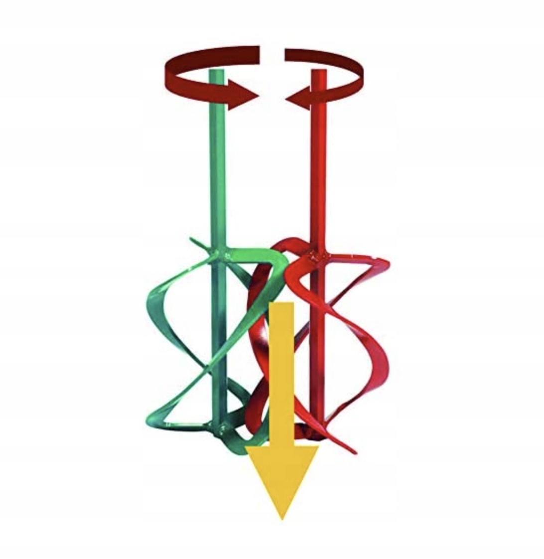 монтируется в цвете в соответствии с ручками, заставляя направление скольжения массы снизу вверх - в идеале для толстых и пластиковых материалов. Это четкая маркировка цветов), которая приведет к тому, что материал сведет материал сверху к дне ведра - в идеале для жидкости и полуклинальных масс.
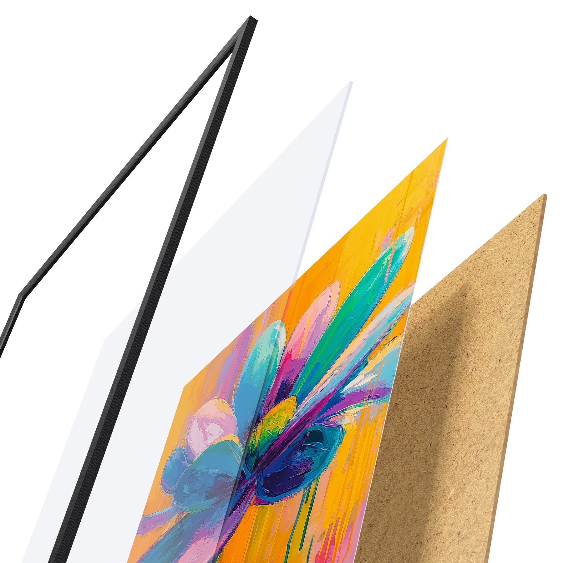 Plakatą sudaro rėmas, pleksiklas, atspausdintas vaizdas ir medžio drožlių plokštės pagrindas. Plakatą galima iš karto pakabinti ant sienos dėl kitoje pusėje esančių laikiklių.
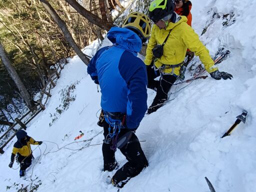 吹き溜まりでスノーボラードやピッケルで支点の取ろうとしますが、雪が浅くて中々思うように練習にはなりません。
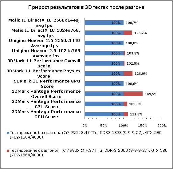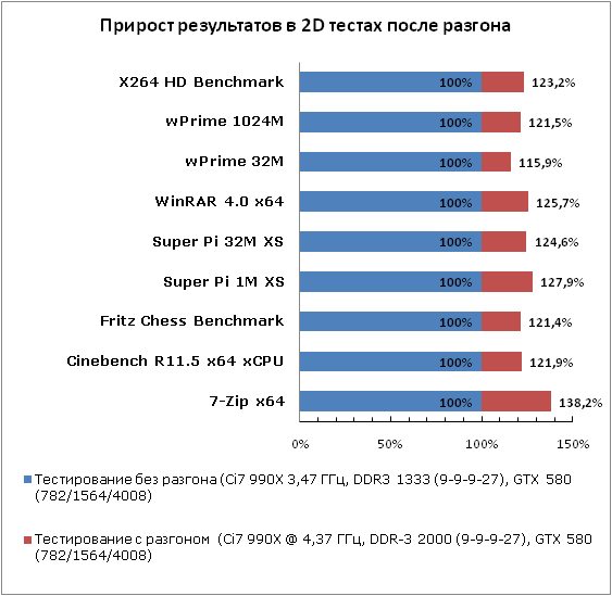 В то же время 2D-тесты приходят в восторг от разгона процессора и памяти. В некоторых случаях прирост составляет около 40%, хотя чаще всего изменение результатов пропорционально росту тактовой частоты процессора.

§

* **EXERCISE**
An exact copy of the data is required, with the pictures excluded.

* **EXPECTED ANSWER**
 монтируется в цвете в соответствии с ручками, заставляя направление скольжения массы снизу вверх - в идеале для толстых и пластиковых материалов. Это четкая маркировка цветов), которая приведет к тому, что материал сведет материал сверху к дне ведра - в идеале для жидкости и полуклинальных масс.
 Plakatą sudaro rėmas, pleksiklas, atspausdintas vaizdas ir medžio drožlių plokštės pagrindas. Plakatą galima iš karto pakabinti ant sienos dėl kitoje pusėje esančių laikiklių.
 吹き溜まりでスノーボラードやピッケルで支点の取ろうとしますが、雪が浅くて中々思うように練習にはなりません。
 В то же время 2D-тесты приходят в восторг от разгона процессора и памяти. В некоторых случаях прирост составляет около 40%, хотя чаще всего изменение результатов пропорционально росту тактовой частоты процессора.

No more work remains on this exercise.